Since I’ve started my little enterprise I’ve been playing with various tools around the web that provide the communication, organization, and sharing infrastructure needed to work effectively as a virtual team. Depending on the type of project, the types of tools can vary, but for a software development effort (including most web development) you need at least a place to share code. Then you probably want some sort of planning tool – to capture goals and milestones. And then you probably could use something to capture your shared understanding in more detail – someplace to record design decisions, operating principles, core requirements, architectural assumptions, etc. Oh yeah, you probably want some way to have real-time discussions – the phone might do, but gets expensive when your peers are many time zones away – so some kind of IM usually works.
There’s more of course, but you get the idea.
It’s perfectly possible to use email mostly for the majority of this stuff. But after a while (a short while if you’re me) it gets old and you look for something better. And since one of the core assumptions of my practice is that extending your business to the web – using web-based tools and capabilities as part of your core business process – is not only profitable, but easy, demonstrating this in my business is a practical necessity.

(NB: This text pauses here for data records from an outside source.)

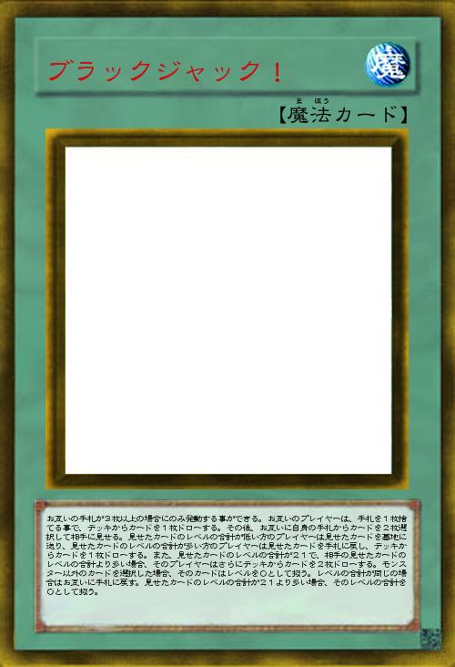 | お互いの手札が3枚以上の場合にのみ発動する事ができる。お互いのプレイヤーは、手札を1枚捨てる事で、デッキからカードを1枚ドローする。その後、お互いに自身の手札からカードを2枚選択して相手に見せる。見せたカードのレベルの合計が低い方のプレイヤーは見せたカードを墓地に送り、見せたカードのレベルの合計が多い方のプレイヤーは見せたカードを手札に戻し、デッキからカードを1枚ドローする。また、見せたカードのレベルの合計が21で、相手の見せたカードのレベルの合計より多い場合、そのプレイヤーはさらにデッキからカードを2枚ドローする。モンスター以外のカードを選択した場合、そのカードはレベルを0として扱う。レベルの合計が同じの場合はお互いに手札に戻す。見せたカードのレベルの合計が21より多い場合、そのレベルの合計を0として扱う。 | |||
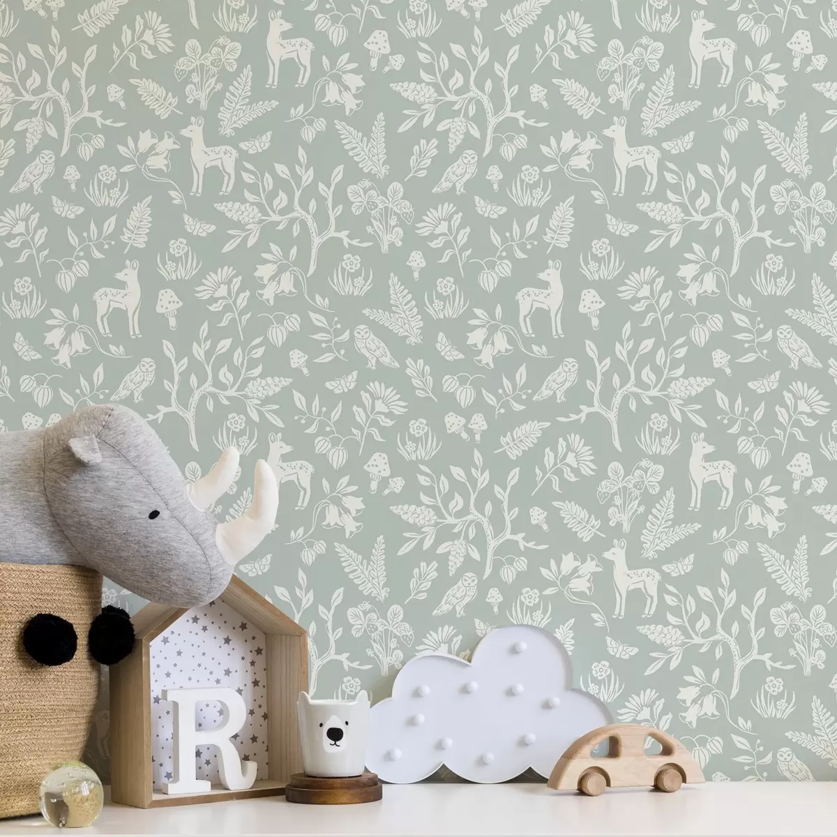 Tapeta Скандинавске животиње и биљке на позадини менте бр. a00149
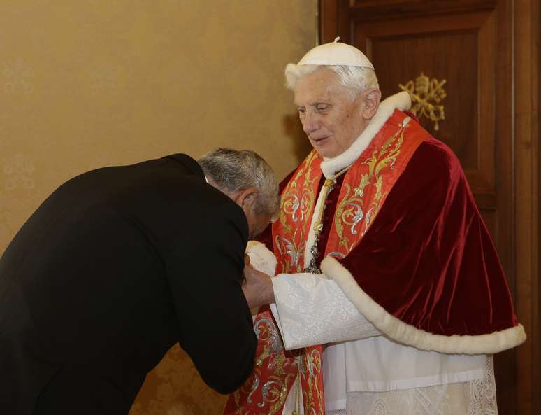 Papa Bento XVI é cumprimentado pelo cardeal Angelo Sodano, decano do colégio de cardiais da Igreja Católica, logo após o anúncio da renúncia neste dia 11 de fevereiro
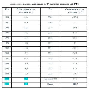 капитала из России по итогам 2019 г.
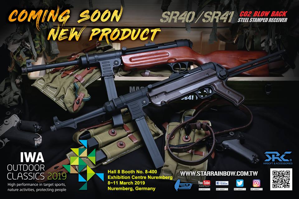 The replicas of the German MP40 (SR-40) and MP41 (SR-41) submachine guns are to be powered by CO2 and their receivers are to be made of stamped steel. Judging from the promotional poster, the manufacturer will present its new replicas at the upcoming IWA 2019. If this happens, the wmasg.pl team will certainly inform you about it!
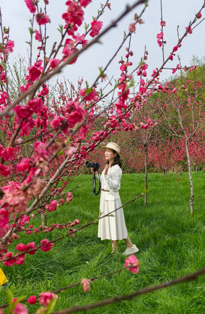 上午九时许,车队抵达七星桃花源。园区内杜鹃与桃花竞相绽放,远处青山如黛,近处花海如潮,构成一幅绚丽的春日画卷。会长饶力明简短动员后,20位会员分散进入花田,围绕“探索光影之美”主题自由创作。
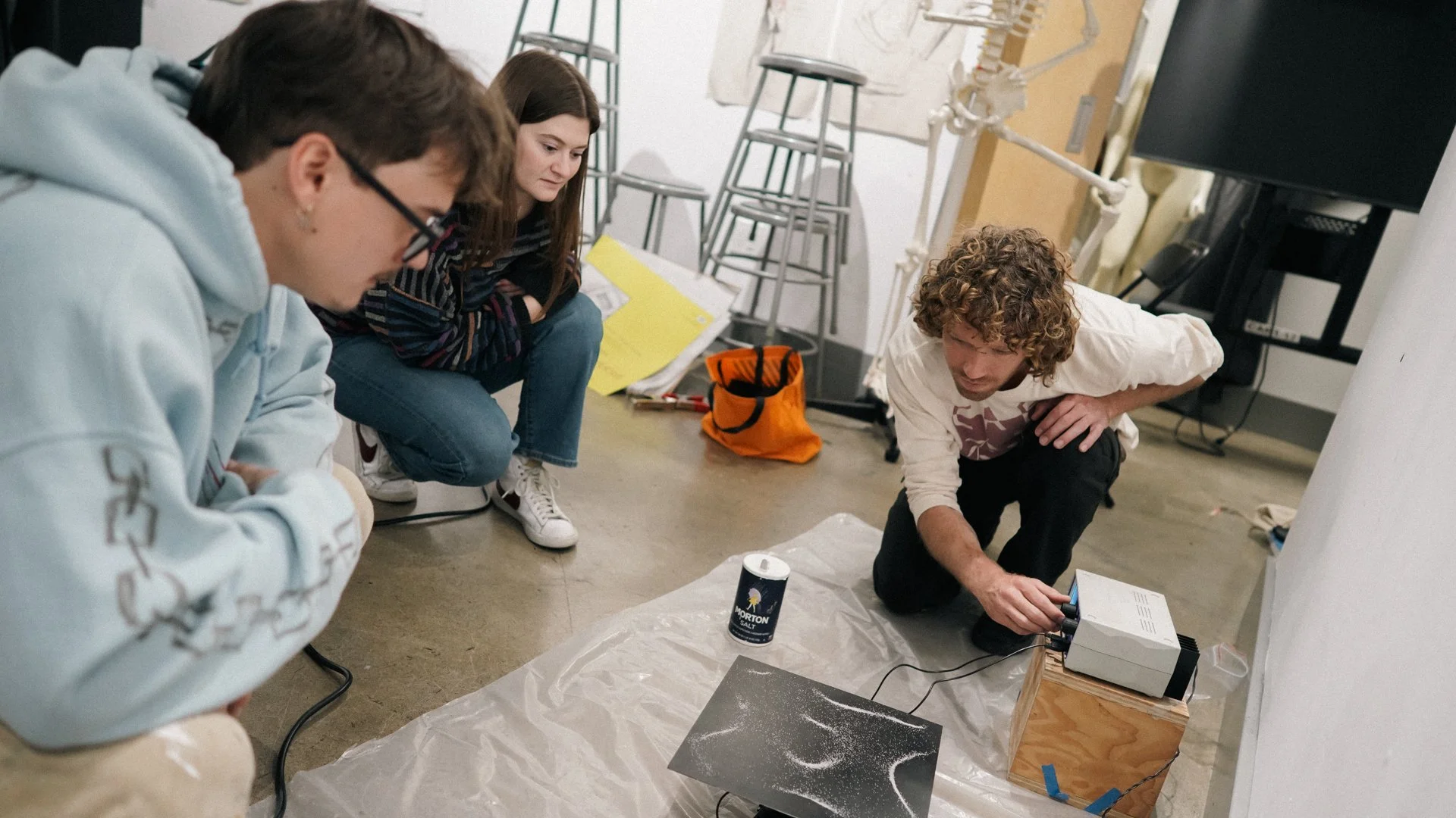 The workshop began with various practical effects process for generating imagery. The students were shown how to create animated shapes using cymatic sand, how to manipulate visuals on a monitor using camera optics and how to distort digital content using analog glitch tools. The students were able to use both the Tachyons+ Dreamweapon Module and the BPMC HDK-01 module for their glitch processing. The second workshop day featured digital effects demos using both After Effects and Cinema 4D, showing students how to manipulate the content they shot on the first day.
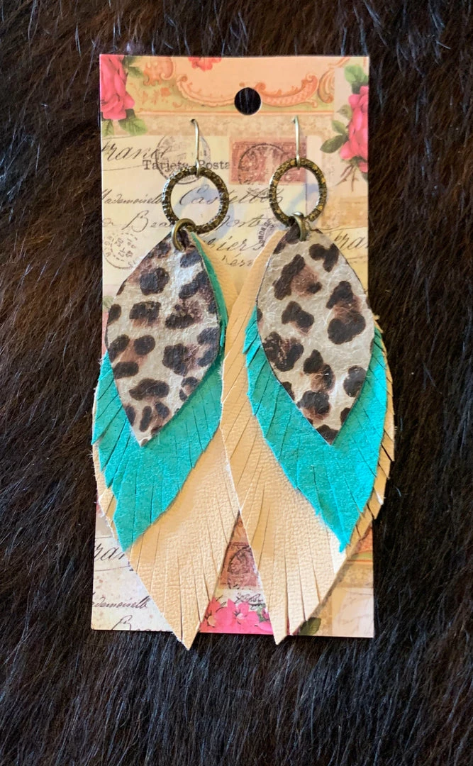 These leopard print feather earrings have turquoise and white leather.Ā On a french hoop.
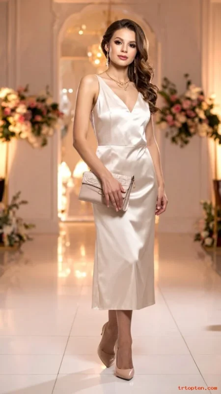 Add gold or pearl jewelry and a structured bag. Pair with nude heels for a clean finish. Keep hair sleek to match the satin shine.
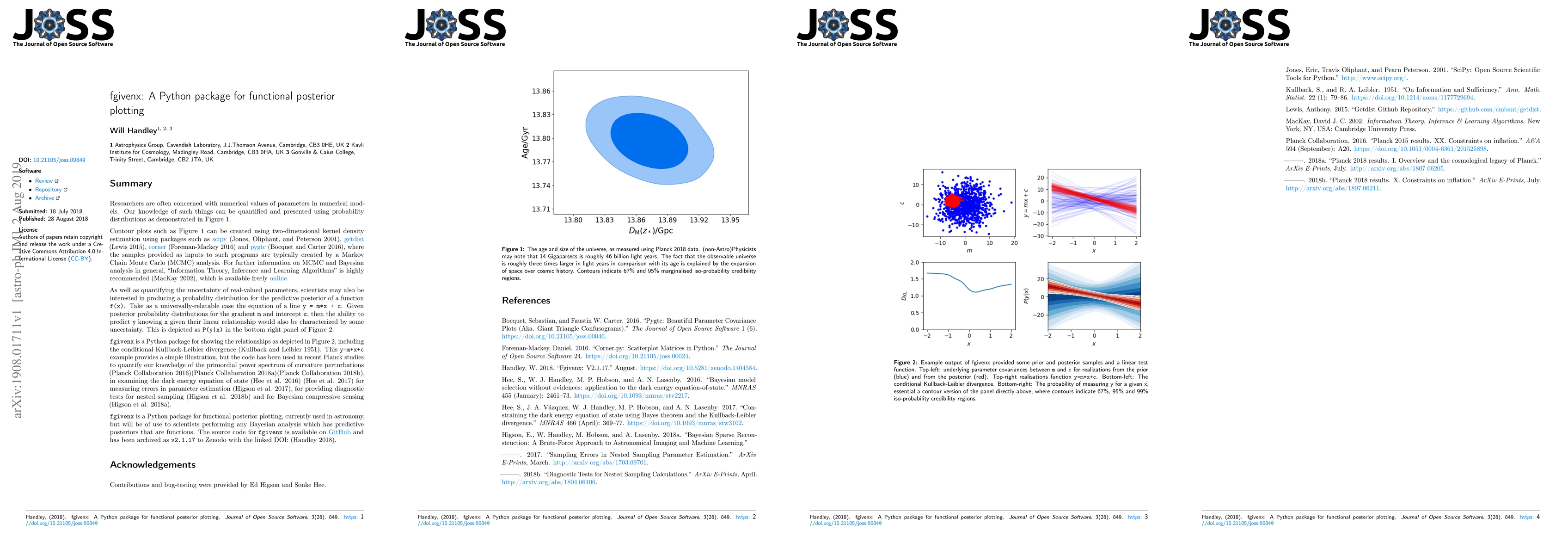 Two-line summary: fgivenx is a Python package designed for visualizing functional posteriors in Bayesian analysis, particularly useful in astronomy but applicable to any field requiring predictive posteriors represented as functions. The open-source code is available on GitHub for community use and contribution.
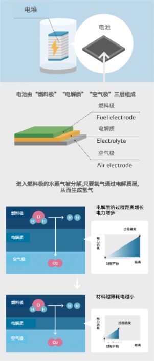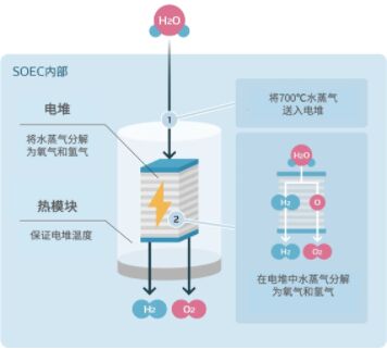 SOEC的電解模式是將該電堆放入用絕熱材料包裹的高溫機(jī)器“熱模塊”中,并向其中送入700℃高溫的水蒸氣來進(jìn)行電解。
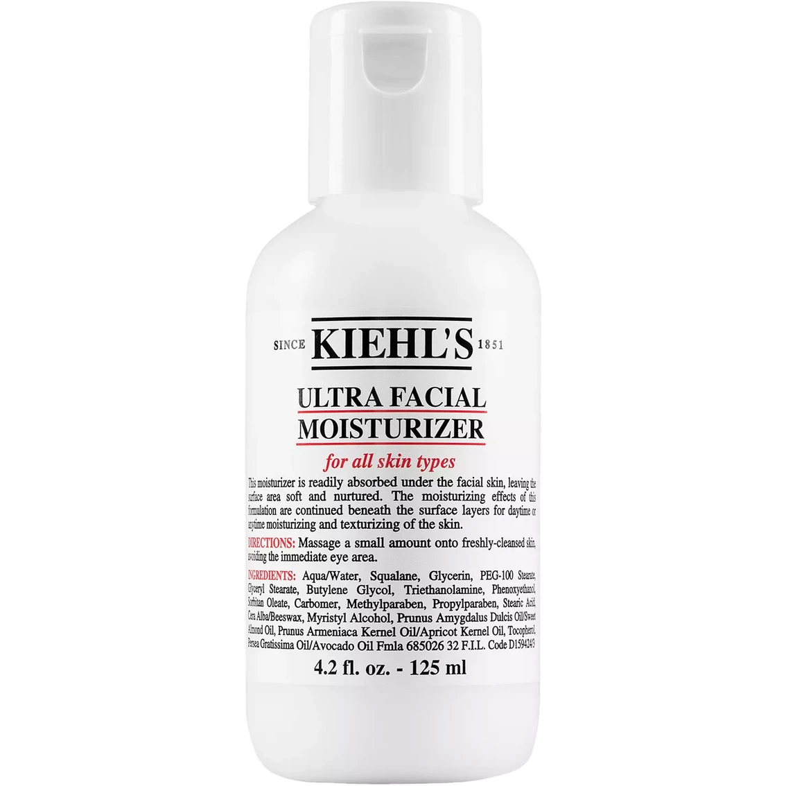 Step up to 24-hour moisture with Kiehl’s Ultra Facial Moisturizer. It is readily absorbed, leaving the surface area soft and nurtured. The moisturizing effects of this formulation continue beneath the surface layers for moisturizing and texturizing of the skin. Kiehl’s Ultra Facial Moisturizer is formulated for all skin types. Massage a small amount onto freshly-cleansed skin. Avoid the immediate eye area.
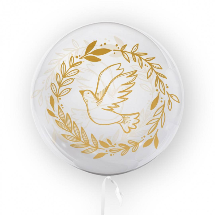 Balon transparent imprimat fata-verso, 45 cm, porumbel auriu

The problem is, there’s a lot of options. The field seems to comprise a lot of pure-plays and a small number of integrated solutions. For example on the source code management front you have a multitude of pure-play providers – github, bitbucket, beanstalk, cvsdude, etc. And a little higher up the stack we have assembla, launchpad and others that provide not just source repositories but also issue management and other related project management tools.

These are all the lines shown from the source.